Not just a super preacher in the old-fashioned sense--a man with a big church, bigger following and lots of spin--Jakes is a super-hyphenate, a televangelist-playwright-lyricist-life coach-author-CEO-husband-father-etc. Modern life is complex, and Jakes has addressed it by becoming conversant with myriad worlds and disciplines. Being a modern minister, he explains, means "being relevant and sensitive to the needs of the people that you are serving. And in order to do that, you have to do more than study Scriptures, you have to study people." He settles into a plush chair for a quick dinner of Caesar salad and chicken. "I've just about cut my diet down to just chicken and fish," he says, handing the waiter the menu. "Not for religious reasons, mind you. But for dietary reasons. Obesity reasons. I've gotta be able to fit in my suits!" He lets out a gust of a laugh.

Indeed, Jakes is a big man with a big reach and big voice that he plays like an instrument--he burnishes his vowels and purrs appropriate consonants, though not in an ostentatious way. Even his whisper has colors and texture. And a slight lisp adds softness.

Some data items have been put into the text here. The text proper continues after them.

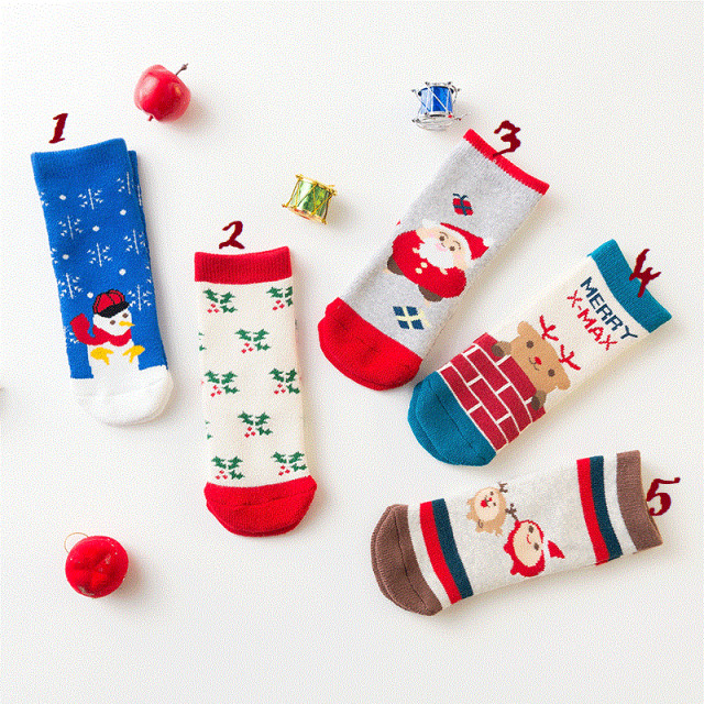 Acest produs SET de 5 perechi de sosetele flausate pentru bebelusi cu imprimeu de Craciun este model MDSKK149-set
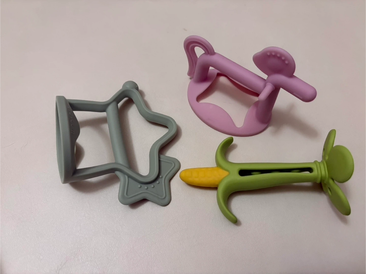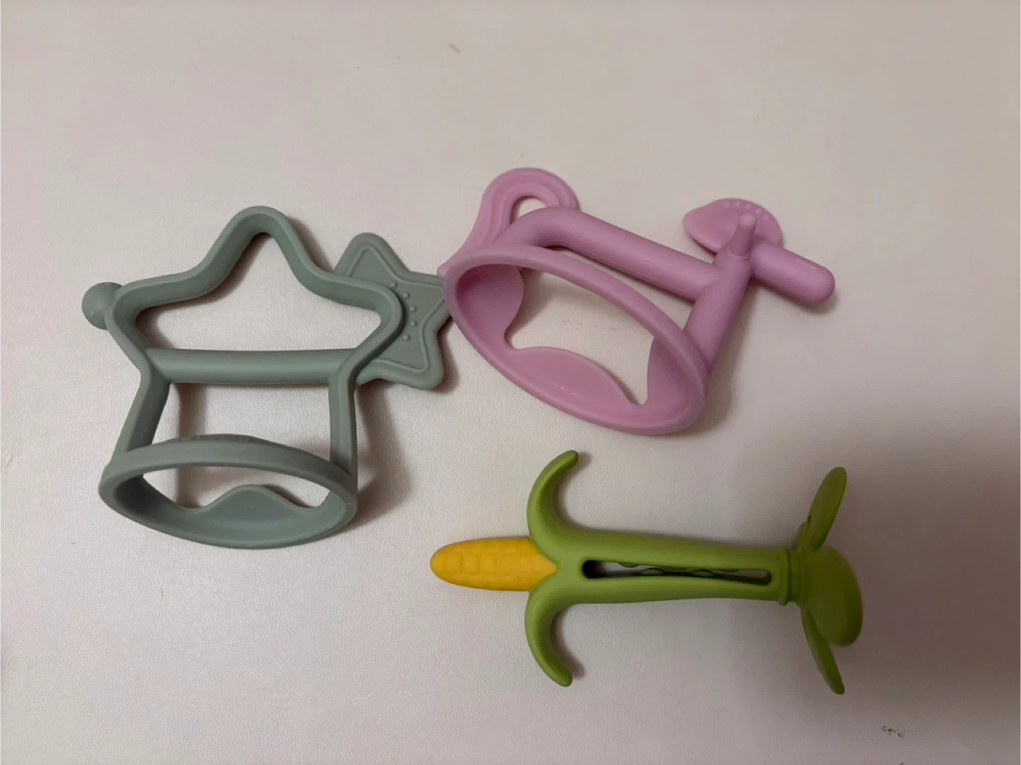 Selling a set of baby food teethers in fun shapes like a star, banana, and what looks like a little person! These are great for introducing new foods to your little one while soothing their gums. They're in excellent condition and ready for a new home.
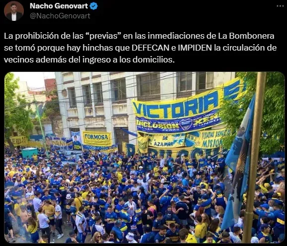 Según informó el periodista Ingacio Genovart en Twitter, la prohibición de las previas llegó luego de que haya denuncias por hinchas que “defecan” e “impiden la circulación de los vecinos” por las calles aledañas a la Bombonera.

This evening, his dress is as casual as his demeanor. In an oyster gray short-sleeved shirt and loose slacks, with matching gray ostrich-skin open-toe sandals, Jakes seems ready for a walk along the pier rather than a speaking engagement--and that has long been a key aspect of the charismatic style that led Time magazine to dub him the best preacher in America. It's an approach that's brought him steady success. In 1996, he moved to Dallas from his native West Virginia and founded Potter's House, his multiracial, multidenominational dream church. In just over five years, it has expanded from a 50-family flock to a congregation of more than 28,000 named as one of America's fastest-growing churches by Christianity Today. His live and internationally televised appearances reach tens of thousands each year.

Jakes--the T.D. stands for Thomas Dexter--keeps upping the ante. He has wired his "smart church" with Internet ports to download sermon notes, provides an in-house service that instantaneously translates pastor's message into one's language of choice and has installed a microwave dish atop the church that beams Sunday sermons to prisons in real time. Ministering to so many, Jakes has been big on constructing crucial comfort zones for his audience. "When it comes to spirituality--the culture of spirituality--there aren't rights and wrongs, it's just different shades of gray."

In his 25 years at the pulpit, he has positioned himself as a "meet you where you are" sort. "You've got to look at the demographics," he says, "tailor the message to the continuity of their need. And you have to be versatile enough to deliver it in a way that is palatable to that particular audience and not to be one-dimensional ....When your message is not relevant, people tend to drift away."

Though social justice has historically been the hallmark issue of black church leaders, Jakes argues that many other arenas demand equal attention. "That isn't to say that the original challenges do not exist. But there are additional issues that are so much more relevant to what our--African American--people are facing today. Developing family structures. Economic empowerment is a critical issue. Redefining families from the traditional idea of the mom, the pop, the 2.5 kids and the one-and-a-half car garage. That isn't always our experience," explains Jakes, who lives with his wife Serita and five children.

"It may be two sisters who have been divorced and they've moved in together and they have children. There may be blended families. There are Grandmamas and Big Mamas raising children. And those are issues in our community that we have to deal with."